Im Szenario einer Trassenbörse würde dieser Konfliktfall gelöst, indem alle Beteiligten Gebote abgeben dürfen und somit diejenigen den Zuschlag bekommen, deren Zahlungsbereitschaften insgesamt am höchsten sind. Das Regionalverkehrsunternehmen müsste demzufolge mehr bieten als alle anderen Beteiligten zusammen, um seine Wunschtrassen zu bekommen. Nur so könnte es den Wettstreit um die Nutzung der beschränkten und kostbaren Infrastruktur gewinnen. Die Kernidee einer Trassenbörse ist deshalb eine mathematische. Computertechnik und Rechenverfahren entwickeln sich gewaltig und sind heute leistungsfähig genug, um Fahrpläne für Schienennetze bezüglich einer vorher gewählten Zielfunktion zu optimieren und die Planungsabteilung der Netzbetreiber bei der Bewältigung ihrer großen Herausforderung zu unterstützen. Optimierung bedeutet, aus der Menge aller technisch realisierbaren Fahrpläne einen auszuwählen, der – im Fall einer Trassenbörse – die Erlöse maximiert, oder der beispielsweise die Kundenzufriedenheit maximiert, oder der die Betriebskosten minimiert oder der einen geeigneten Kompromiss verschiedener Ziele insgesamt optimiert. Das Prinzip ist, eine Modellwelt zu konstruieren und die Trassen optimal auszuwählen.

Diese Modellwelten bilden alle Elemente der Eisenbahninfrastruktur, d.h. Weichen, Signale, Neigungen und Kurvenwinkel, vollständig und genau ab, ebenso das Beschleunigungs- und Bremsverhalten der verschiedenen Züge. Sie bieten die Möglichkeit, das System Schiene exakt zu simulieren. Ein so feiner Detaillierungsgrad ist allerdings nicht überall erforderlich. Große Teile des Netzes lassen sich ohne Informationsverlust zusammenfassen. Der Trick besteht darin, aus dem riesigen Datenberg ein geeignetes grobes Netz zu konstruieren, in diesem die Planung durchzuführen und das Ergebnis wieder in den Mikrokosmos der Bahnwelt zurückzurechnen. Die Reduktion auf das Wesentliche ist einer der Schlüssel der Mathematik, um derart komplexe und gigantische Probleme überschauen und lösen zu können. Das Wesentliche bei der Trassenplanung ist die Betrachtung der Kapazität.

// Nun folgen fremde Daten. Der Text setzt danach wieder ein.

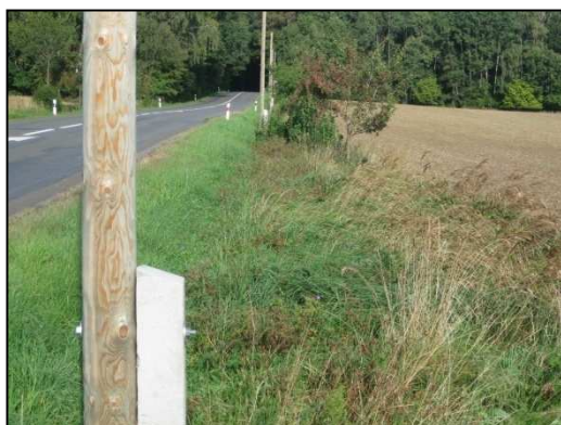
Obr.č.4. Střední část řešeného úseku silnice

Wir haben deshalb einen neuartigen Ansatz entwickelt, der Kapazität konfliktabhängig definiert. In unseren Modellen wird die Infrastruktur nur dort, wo tatsächlich Blockkonflikte zwischen den angeforderten Trassen entstehen können, genau unter die Lupe genommen. In den Gleisabschnitten und Netzbereichen, wo problemlos alle angefragten Züge verkehren können, bleibt das Modell grob. Das Neuartige unseres Ansatzes ist hierbei die Beschreibung der Konflikte. Während klassische Modelle immer eine „äußere“ Beschreibung nutzen und so unzulässige Lösungen abschneiden, wird in unserem Konfigurationsmodell die Menge der zulässigen Lösungen durch Hilfsvariablen aufgespannt. Diese Art der Modellierung bezeichnet man in der mathematischen Literatur mit „extended formulation“ – einer inneren Beschreibung des Optimierungsproblems. Ein weiterer Schlüssel zum Lösen derart umfangreicher Probleme ist der Einsatz von leistungsfähigen Algorithmen wie z.B. der Bündelmethode und der Rapid Branching Heuristik.

Diese Methodik haben wir 2009 im Rahmen einer Studie zur Berechnung der theoretischen Kapazität der Simplon-Strecke in der Schweiz entwickelt und eingesetzt. Untersucht wurden verschiedene Betriebskonzepte mit unterschiedlichen Pufferzeiten und variierenden Ausprägungen dieser Strecke zwischen Brig in der Schweiz und Domodossola in Italien. Die errechneten optimierten Fahrpläne wurden simuliert und auf ihre technische Umsetzbarkeit hin erfolgreich überprüft. Unter Annahme der günstigsten realistischen Bedingungen ergänzt unser Plan in optimaler Weise 63 voreingelegte Fahrtrassen des Personenverkehrs durch 137 neu berechnete Güterverkehrs-Trassen. Damit konnte erstmals eine theoretische Kapazität dieser Strecke von 200 Zügen pro Tag nachgewiesen werden.

Dieser Erfolg demonstriert, dass unser Ansatz praxistauglich ist und dass moderne Mathematik Netzbetreiber bei zahlreichen Planungsaufgaben zukünftig unterstützen kann. Fairer Wettbewerb und die Nutzung innovativer Optimierungsverfahren mit dem Ziel einer effizienten Trassenplanung im Eisenbahnbereich kommt uns letztlich allen zugute – schließlich sollte nur die beste Nutzung gut genug sein für ein Eisenbahnnetz, in deren Aufbau so viel Aufwand investiert wurde.